And why does that matter?
Watching South Park last night summed it up nicely - the kids are conscripted into a child abuse ring... err... I mean a Choir, and are taken to South America for a save the rainforest thing.
Cartman starts complaining the place stinks, and gets the usual "respect other cultures" rhetoric, to which he replies "I'm not insulting their culture, I'm just saying this place stinks!"
And this is why anti-Racism laws are so damn stupid. I live in a town that was traditionally (and to a degree, still is) a chemical town. My home stinks. There all kinds of jokes about my town, such as you can tell you've arrived because the paint starts peeling off your car. It is nowhere near as bad as it was, but on certain days you can still smell the place. Now, combine that with the fact my house backs on to farmland. What to farmers do when its time to plant crops? They spread shit on the field.
So, you've got shit in the north, and chemicals in the south. Hands up everyone who'd like to stand outside my house on fertilizer day? No-one.

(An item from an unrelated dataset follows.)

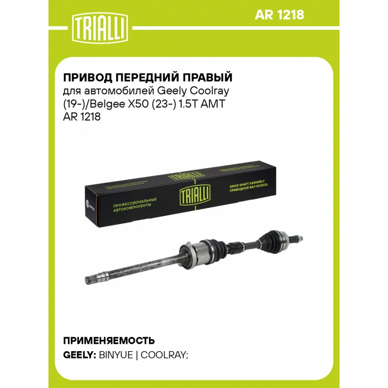 Привод передний правый для автомобилей Geely Coolray (19-)/Belgee X50 (23-) 1.5T AMT Характеристики: Артикул: AR 1218 OEM номера: 4082066800 Особенности конструкции:: с опорным подшипником, кронштейном Ось (сторона установки): передняя, правая Длина, мм: 965 Внешнее зубчатое соединение со стороны КПП (внутр.): 28 Количество зубьев ABS: 48 Внешнее зубчатое соединение со стороны колеса (внеш.): 27 Тип КПП: AMT Гарантийный срок: 2 года/60 000 км Сопутствующий товар: ШРУСы: GO 700, GO 701 Сопутствующий товар: Приводы: AR 1219 Парный товар: AR 1219 Количество на автомобиль: 1 Товарная линейка: BLACK Комплектация: Привод в сборе - 1 шт Гайка - 1 шт Гарантия: от 1 года.

If you came into my town and said the place stinks, that isn't racist. If you did it in Iraq, it is. This is why these kind of laws hurt my head so much... what the hell is wrong with calling it as you see it? Under the system we've got now, any black or muslim can get away with murder (literally, in some cases) by playing the Race Card. That fact alone is enough to inspire hatred.
If you want everyone to be equal, you have to TREAT them like equals, and that means people can call blacks black.